Looking at the last Supreme Court term, none of this is true. The Court's opinions were nuanced and largely unanimous, and there are no credible allegations of vote-buying. If Biden wants to restore faith in the Court, he'd do better to highlight these nuances rather than using the Court as a political talking point.
At the outset, it's worth taking a bird's eye view of the Court. This term, the Court ruled unanimously in almost half (46 percent) of cases, which was similar to the year before (48 percent) and a significant uptick from the term before that (29 percent). Among the Court's unanimous or near-unanimous opinions were hot-button cases involving former President Donald Trump's eligibility for the presidency, access to the abortion drug mifepristone, the government's ability to dissuade companies from doing business with the National Rifle Association, regulation of social media companies, and the scope of the Second Amendment. Such consensus among the justices undercuts Biden's characterization of a rogue or extremist Court.
It's true that the Court is sometimes divided along partisan lines—and in many of those cases, the justices disagree vigorously. As Biden points out, Trump v. United States (regarding presidential immunity) and Dobbs v. Jackson (regarding abortion) represent two such cases. But just because these opinions were divisive doesn't make them radical.

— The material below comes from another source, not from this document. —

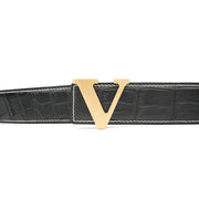 This alligator leather belt is highly popular for its outstanding tactile strength. This alligator leather belt is one of the strongest leather belts you can find in your wardrobe. Thanks to the naturally appearing oils in alligator leather, these keep the belt from cracking even in extreme weather conditions too.
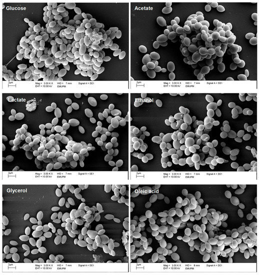 Next, we compared the biofilm growth of C. glabrata on the same carbon sources (Figure 1b). With the exception of glycerol, biofilm growth was reduced significantly on the alternative carbon sources tested when compared with the glucose control. Substantial reductions in biofilm growth were observed for C. glabrata on acetate (52.4%), lactate (30.3%), ethanol (26.9%), and oleic acid (27.3%), thereby confirming our previous report [23]. The ultrastructure of these biofilms was examined by SEM (Figure 2). The C. glabrata biofilms comprised only blastoconidia: no filamentous cells were observed. The aggregates of C. glabrata cells were smaller in biofilms grown in alternative carbon sources, consistent with the reduced growth on these carbon sources.

For example, Biden chided the Court for imposing "virtually no limits on what a president can do" in the immunity case, but the Court maintained an ample sphere of liability for presidential acts. All nine justices agreed that presidents have absolutely no immunity for unofficial acts. While the majority ruled that absolute immunity applies to core, official acts, it emphasized that noncore duties are only presumptively immune.
Reasonable people can disagree about whether the Court made it too hard to rebut that presumption. But to make that call, we'll have to see how the standard plays out in practice. Trump's case, for example, will now go back down to the district court, which will determine which acts are official or unofficial, core or noncore, and whether the special prosecutor can surmount any presumption of immunity that applies. It makes little sense to say at this premature stage, as Biden does, that the only limits left on the president are "self-imposed."
Biden also criticizes the Court for "overturn[ing] settled legal precedents" like Roe v. Wade. But this is a critique with no substance. Precedent isn't an end in and of itself; prior cases should stand when they're correct and well-reasoned and fall when they're not. Some of the most important Supreme Court decisions in history "overturned settled precedent," including Brown v. Board of Education (overturning the separate but equal doctrine) and Gideon v. Wainwright (extending the right to counsel to felony defendants in state courts). Overturning precedent is part of a Supreme Court justice's job description. Without context, saying a judge overruled an earlier case is meaningless.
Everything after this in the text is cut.